Now, I'd like to move to the end of my talk with a few reflections. Why is it that we hear this term "the betrayal of the revolution"? Is what I said tonight, is this a betrayal? Who has been betrayed? I think that what we have to realize, to go back to the beginning of my talk, is that something that Americans often forget, and want to forget, that whenever there is a shifting, a real or genuine shifting of power, there are winners and there are losers. It is inevitable. There are going to be some unhappy people. Indeed there will be the Enrique Bolanas who lose. In his case I don't think he lost wealth. He's still a wealthy man. He can still have twice as much land somewhere else. What did he lose? He lost the power to call the shots. That is what this minority of privileged people had gotten very used to doing and they're very unhappy and they have been betrayed.
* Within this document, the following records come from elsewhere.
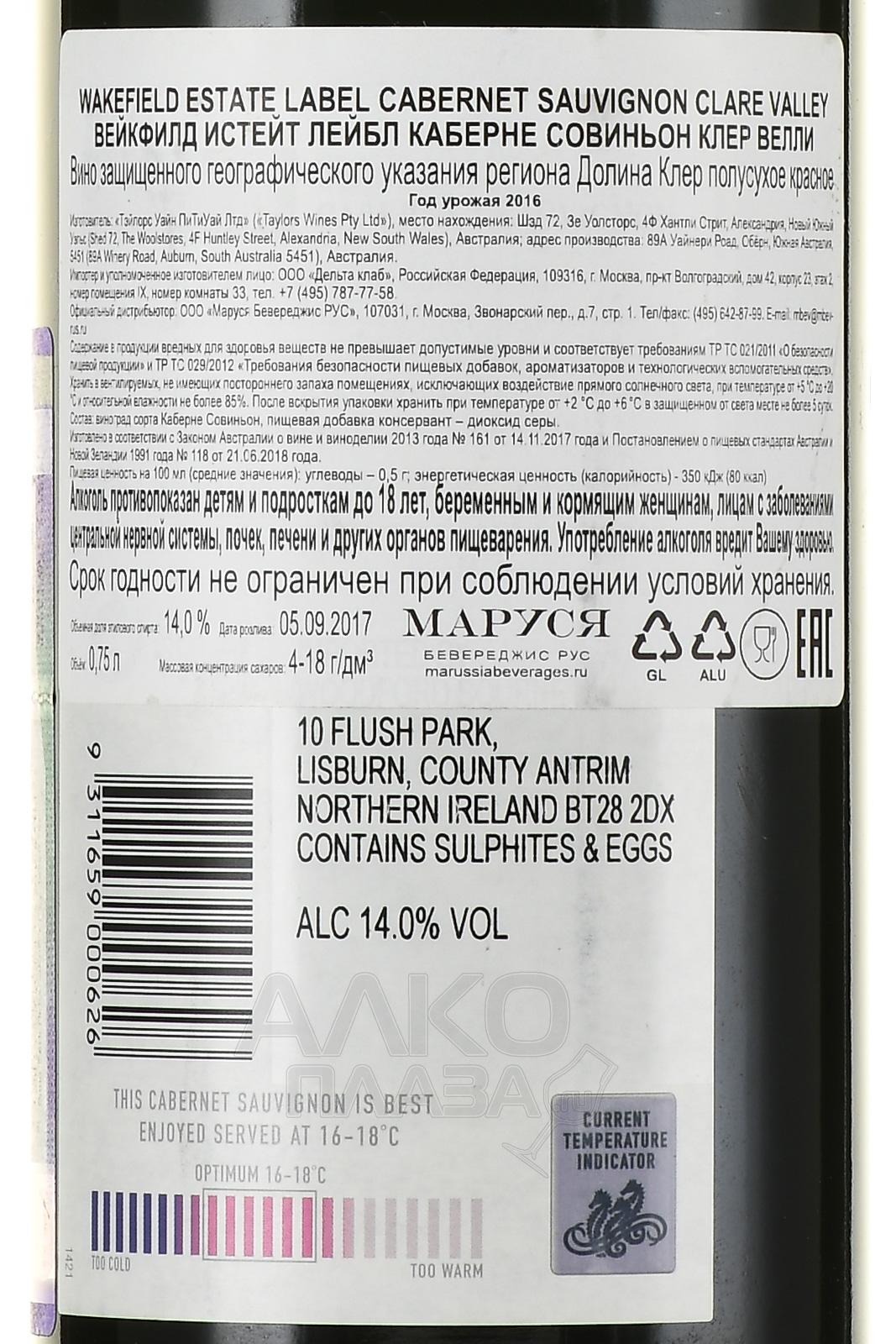 Красное полусухое вино Wakefield Estate Label Cabernet Sauvignon 2016 г. 0,75 л — 14-градусный австралийский качественный алкоголь небольшой сладости (до 18 г/дм³), который произвели из свежего урожая южной части Зеленого континента. Утренний сбор завершился внимательной сортировкой, после ее проведения ягоды доставили на винодельню для сбраживания в дубовых и стальных резервуарах. Вино разлили по бутылкам по завершении выдержки в отборных бочках из французской древесины дуба.
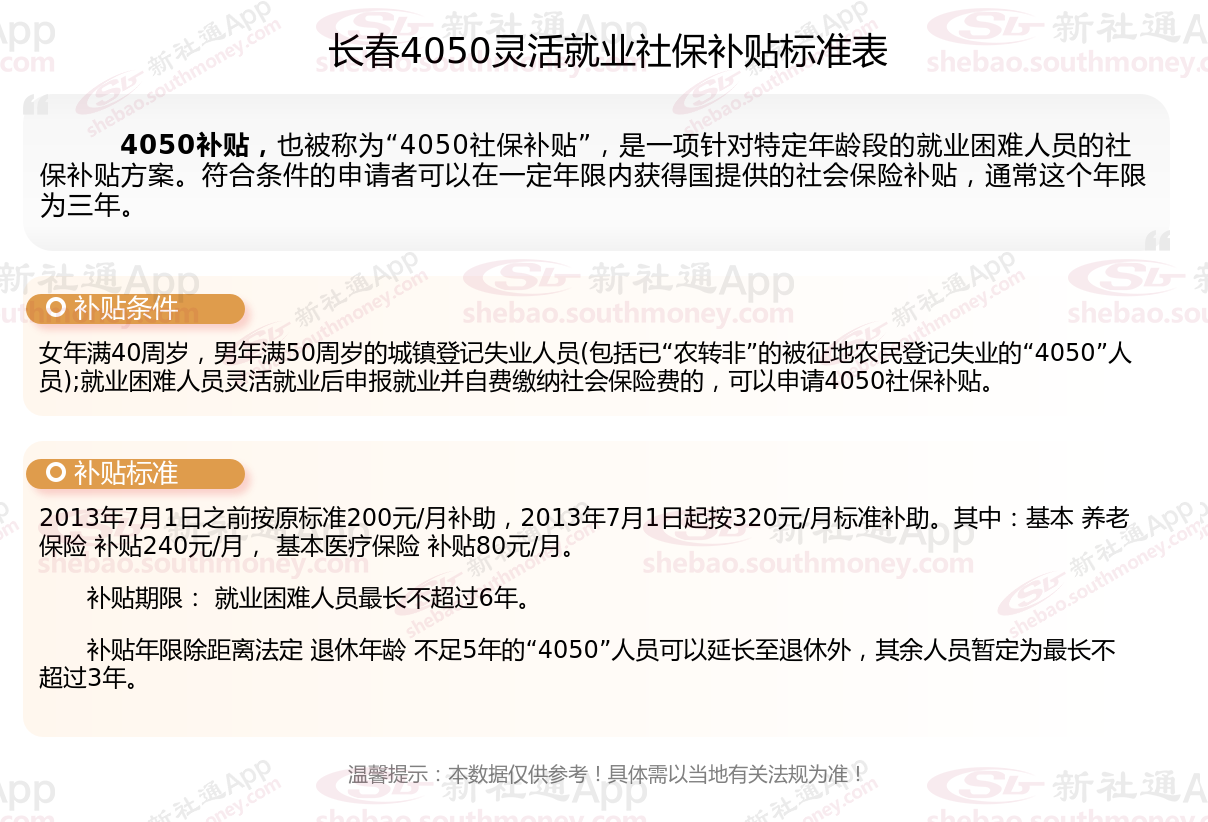 二、2025年长春4050社保补贴标准及条件(4050社保补贴多少钱?)
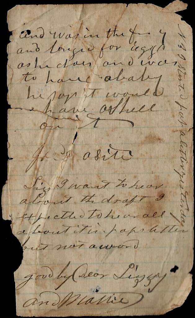 Liz, I want to hear about the draft. I expected to hear all about it in Pap’s letter but not a word. Goodbye dear Lizzy and Mattie
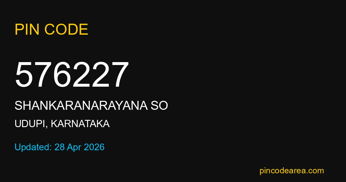 If you are searching for accurate location details, 576227 helps identify the exact postal region of Shankaranarayana SO in Karnataka.
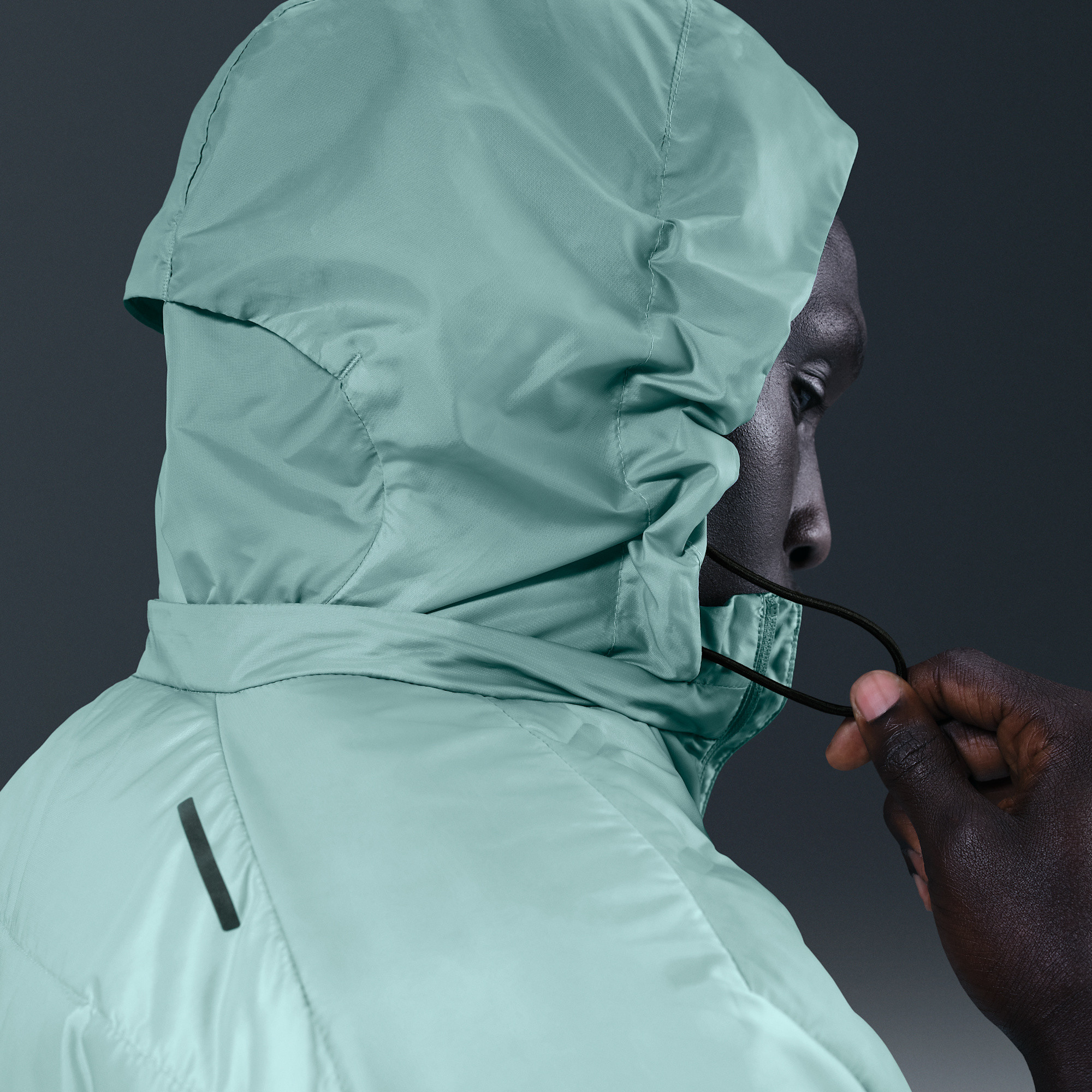 Don't let cold weather stop your run. Our designers crafted this insulated, sweat-wicking running jacket to keep you going. Featuring Nike Therma-FIT ADV technology, it combines heat-regulating fabric with advanced construction and features designed to keep you warm in chilly conditions. The material also boasts a durable, water-repellent coating, ensuring you stay dry. A packable hood offers versatile options, ready whether you need it for quick sprints or your long weekend runs. This jacket is engineered for performance and comfort, allowing you to focus on your stride, not the elements.
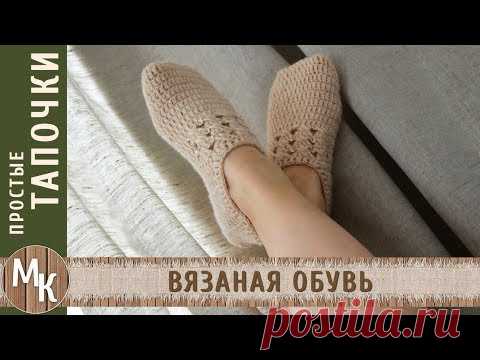 Простые вязаные тапочки. Как связать тапки крючком. МК видеоуроки, мастер классы учимся вместе - YouTube
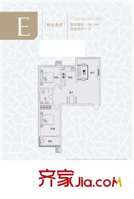 华舜学府98.14㎡E-两室两厅一卫户型2室2厅1卫
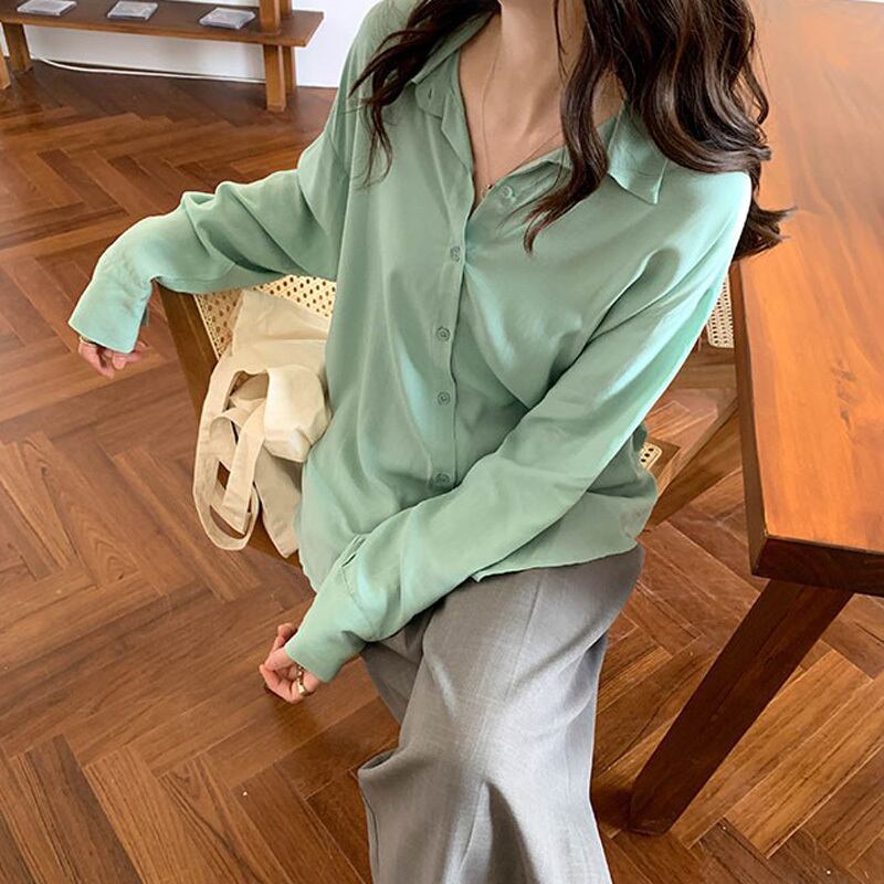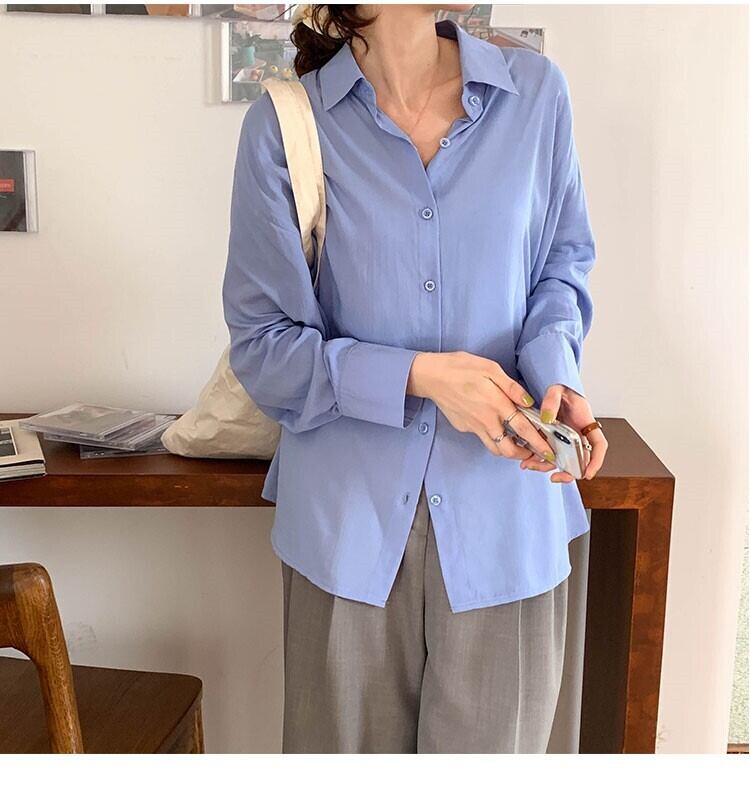 シャツ ブラウス 長袖 フロントボタン 襟付き シンプル きれいめ 無地 ゆったり レトロ 薄手 春 トップス オフィス お出かけ ショッピング カラー豊富 レディース 女性
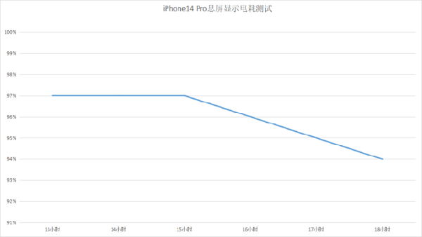 在第三輪的測試中,iPhone 14 Pro的電量波動更大。雖然,該機(jī)在前半程還保持著每兩小時電量下降1%,但是到了后半程,電量開始出現(xiàn)大幅度下滑,平均每一小時電量就會下降1%。但截止到現(xiàn)在,筆者對iPhone 14 Pro的表現(xiàn)依然非常滿意,耗電量比很多安卓手機(jī)優(yōu)化的更加出色。當(dāng)然,也出現(xiàn)了一個問題,iPhone上的息屏顯示邏輯與安卓相比,還是存在一些不同。
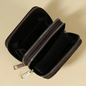 Leather Accordion Card Wallet, Double-Layer Zippered Card Holder $14.00!
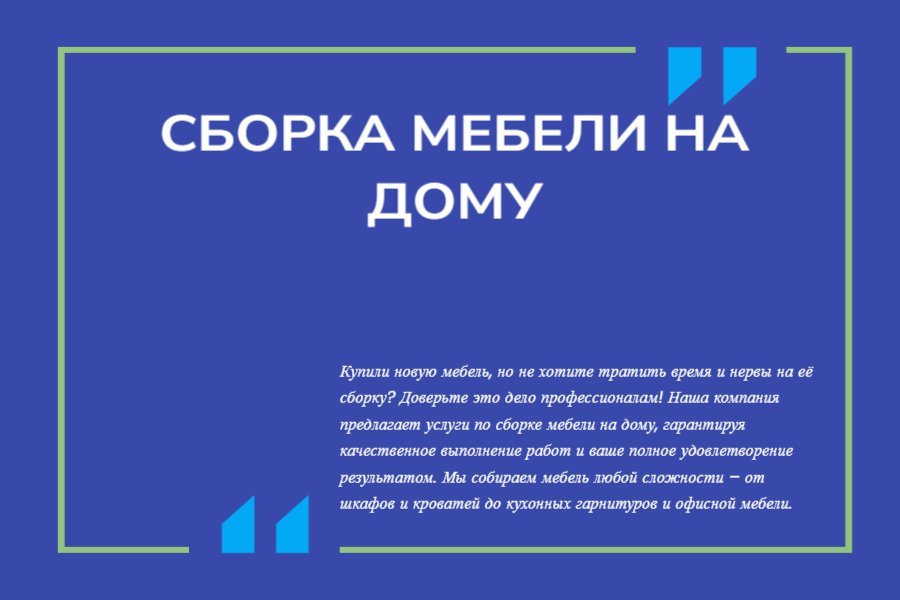 - Опыт и квалификация. Наши мастера обладают многолетним опытом работы с мебелью от различных производителей. Мы знаем все нюансы сборки мебели, что позволяет нам гарантировать её надежность и долговечность. Ваша мебель будет собрана быстро, аккуратно и в точном соответствии с инструкцией.

So I think that, to answer the question then, "What is our responsibility to the hungry in the Third World and in Central America?", the questions and the clarifications go this way: We have to appreciate that, indeed there must be such a far reaching shift in power that the definition, the very definition of development, is put in terms of the vast majority of the people in the way that we discussed tonight, in the meeting of their basic needs. We have to understand that pressure for change of that nature is inevitable. It is inevitable because people do not go on watching their children die. A Nicaraguan peasant said to me, looking me straight in the face he said, "What would you do if you lived a plantation and watched your children die of simple childhood diseases because they were so weakened by malnutrition at the same time that the only medical help that came to the plantation was to treat the dogs. So what would you do?"

Certainly people protest peaceable because nobody wants to risk their lives if they don't have to. But if that peaceful protest is met with violence, people do choose to risk their lives, if not for themselves, for their children. So we don't have to go in and set things straight for other people. Our responsibility is clear. It is to remove the obstacles in their path, to insure that our tax dollars and our good name are not shoring up the privileged group that is blocking the changes. It could be summed up as giving change a chance. This is our obligation. It is not to approve. I don't care if you don't agree or don't believe a word I've said about Nicaragua tonight. It is not our obligation to approve or to disapprove. I've shared this with you because I think it is something we can learn from, not because I'm asking you to approve.